From Wikipedia, the free encyclopedia

The Green Party of Alaska[3] is a political party in the U.S. state of Alaska. It was the Alaska affiliate of the national state Green Party of the United States from its creation until 2021. The Green Party of Alaska was the first state to gain Green Party ballot access, in 1990, when Jim Sykes ran for governor. Sykes had previously filed a ballot access lawsuit, citing an earlier case, Vogler v. Miller.

In the 2020 presidential election, the leadership of the Green Party of Alaska refused to place Green Party nominees Howie Hawkins and Angela Nicole Walker on the Alaska ballot and instead nominated a ticket of Jesse Ventura for president and Cynthia McKinney for vice-president, despite neither seeking the nomination nor running elsewhere. In January 2021, the Green Party of the United States national committee voted to unrecognize the GPAK because of this.[4][1][2]


The Green Party of Alaska is opposed to industrial oil development in the Arctic National Wildlife Refuge. It supports the development of alternative fuels and energy sources such as wind power and solar power.

The party supports a national single-payer healthcare system.


Pre-rogue period (1990–2020)

Ballot status

The Green Party first gained ballot access in 1990, but lost its Recognized Political Party status in 2002. Ballot access was regained in 2003 based on a court order,[5] lost again in 2005, and regained in February 2006 when Superior Court Judge Stephanie Joannides issued a preliminary injunction against the State of Alaska, preventing the state from denying access to the Green Party. On June 3, 2007 a lower Alaska state court upheld Alaska's new definition of "political party" and the Green Party of Alaska was removed from the ballot. The judge wrote that she had to uphold the new definition of "political party", because the Alaska Supreme Court had upheld the old definition of "political party" on November 17, 2006.[6]

In 2005, the party sued the State of Alaska over the issue of joint primary ballots and won in the Supreme Court of Alaska.[7]

In 2012, the Alaska Green party put forth a statewide petition, seeking status as a "limited political party" which would allow them to put names on the ballot for presidential and vice-presidential candidates. A total of 3,273 signatures is needed in Alaska to qualify as a limited political party. The Alaskan Greens submitted approximately 4,500 signatures.[8]

Rogue period (2020–present)

In late 2020, the Alaska Green Party broke from the Green Party of the United States and nominated former Governor Jesse Ventura for President and former Congresswoman and 2008 Green Party presidential nominee Cynthia McKinney for President and Vice President respectively, instead of Howie Hawkins and Angela Nicole Walker.[9] The Ventura–McKinney ticket received 2,673 (0.74%) votes.[10]
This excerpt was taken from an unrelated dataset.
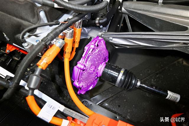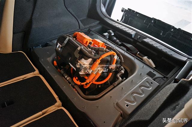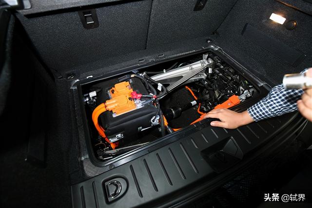大家都知道高压电也是存在辐射的,对人体有一定程度的危害,所以宝马把高压电线密集的这部分系统都放在了车尾,最大程度的远离驾驶员,提高安全保障。你看,整个高压部分还用黑色“防辐射外衣”包裹着。

In January 2021, as the result breaking the GPUS rules, it has been decertified from the party, and as a result is no longer their Alaskan state party chapter. Green Party of the United States has begun the process of replacing it with a new GPAK.[11][1][2]
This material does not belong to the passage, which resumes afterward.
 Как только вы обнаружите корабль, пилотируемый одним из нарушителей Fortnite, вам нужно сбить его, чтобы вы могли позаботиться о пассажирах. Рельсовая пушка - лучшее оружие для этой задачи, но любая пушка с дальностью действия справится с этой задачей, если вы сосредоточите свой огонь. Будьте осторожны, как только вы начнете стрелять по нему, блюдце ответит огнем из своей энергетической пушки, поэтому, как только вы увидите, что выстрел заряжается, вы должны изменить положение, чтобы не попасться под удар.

State party leader Position City
Robert Shields Chairman Fairbanks
Joshua Hadley Co-Chairman Kotzebue
Lenin Lau Treasurer Anchorage


The Green Party of Alaska has gained more than 10% of the votes in past presidential and congressional elections. The most notable example was in 2000, when Alaska voters gave presidential candidate Ralph Nader his highest state percentage. Nader made headlines when he carried the Girdwood precinct, located at the extreme southern end of Anchorage corporate limits. In 1996, the party's U.S. Senate nominee Jed Whittaker came in second, out-polling Democratic nominee Theresa Obermeyer, who had been disowned by her party.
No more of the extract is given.